• WORK TASK
Take the entries below and print, exactly, the stretch from the line containing "Преносимa Караоке Тонколонa" through the line containing "Deskripsi : Puisi", both included.

• RECORDS TO USE
== == ==

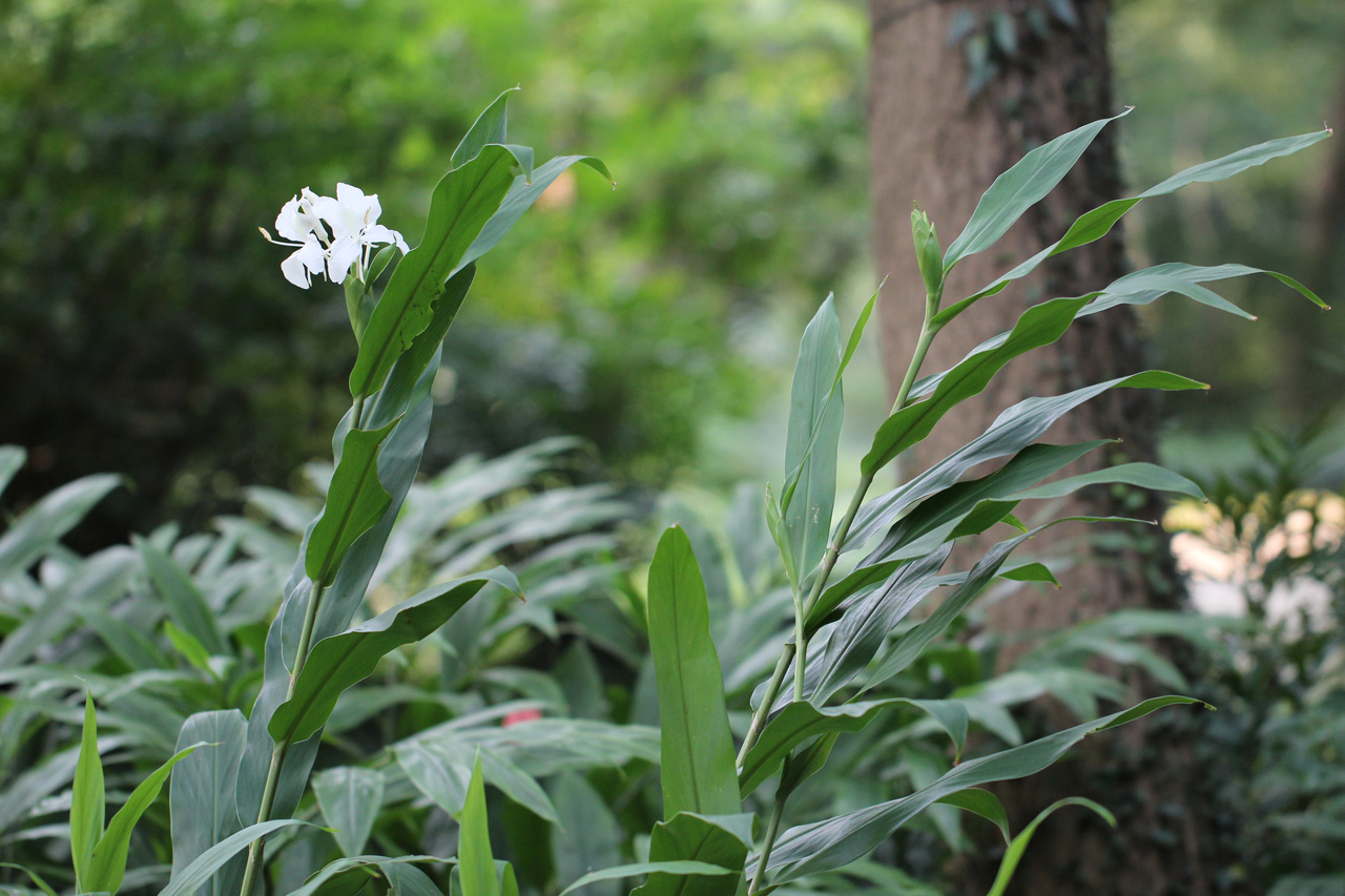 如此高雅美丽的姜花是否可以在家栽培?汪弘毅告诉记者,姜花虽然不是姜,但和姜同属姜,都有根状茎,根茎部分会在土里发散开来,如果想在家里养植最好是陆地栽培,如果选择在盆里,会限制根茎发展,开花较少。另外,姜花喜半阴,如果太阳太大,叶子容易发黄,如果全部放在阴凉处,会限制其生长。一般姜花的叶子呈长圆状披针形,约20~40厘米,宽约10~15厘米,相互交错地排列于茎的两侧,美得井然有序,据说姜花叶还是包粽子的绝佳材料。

== == ==

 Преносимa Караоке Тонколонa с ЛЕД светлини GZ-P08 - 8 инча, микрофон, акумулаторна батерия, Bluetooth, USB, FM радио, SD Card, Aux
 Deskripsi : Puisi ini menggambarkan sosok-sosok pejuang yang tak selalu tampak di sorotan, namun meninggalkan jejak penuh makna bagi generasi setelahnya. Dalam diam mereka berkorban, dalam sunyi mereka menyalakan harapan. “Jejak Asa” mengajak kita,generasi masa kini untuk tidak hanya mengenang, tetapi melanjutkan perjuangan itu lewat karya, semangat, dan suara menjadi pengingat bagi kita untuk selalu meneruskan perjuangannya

== == ==

• ANSWER SECTION
 Преносимa Караоке Тонколонa с ЛЕД светлини GZ-P08 - 8 инча, микрофон, акумулаторна батерия, Bluetooth, USB, FM радио, SD Card, Aux
 Deskripsi : Puisi ini menggambarkan sosok-sosok pejuang yang tak selalu tampak di sorotan, namun meninggalkan jejak penuh makna bagi generasi setelahnya. Dalam diam mereka berkorban, dalam sunyi mereka menyalakan harapan. “Jejak Asa” mengajak kita,generasi masa kini untuk tidak hanya mengenang, tetapi melanjutkan perjuangan itu lewat karya, semangat, dan suara menjadi pengingat bagi kita untuk selalu meneruskan perjuangannya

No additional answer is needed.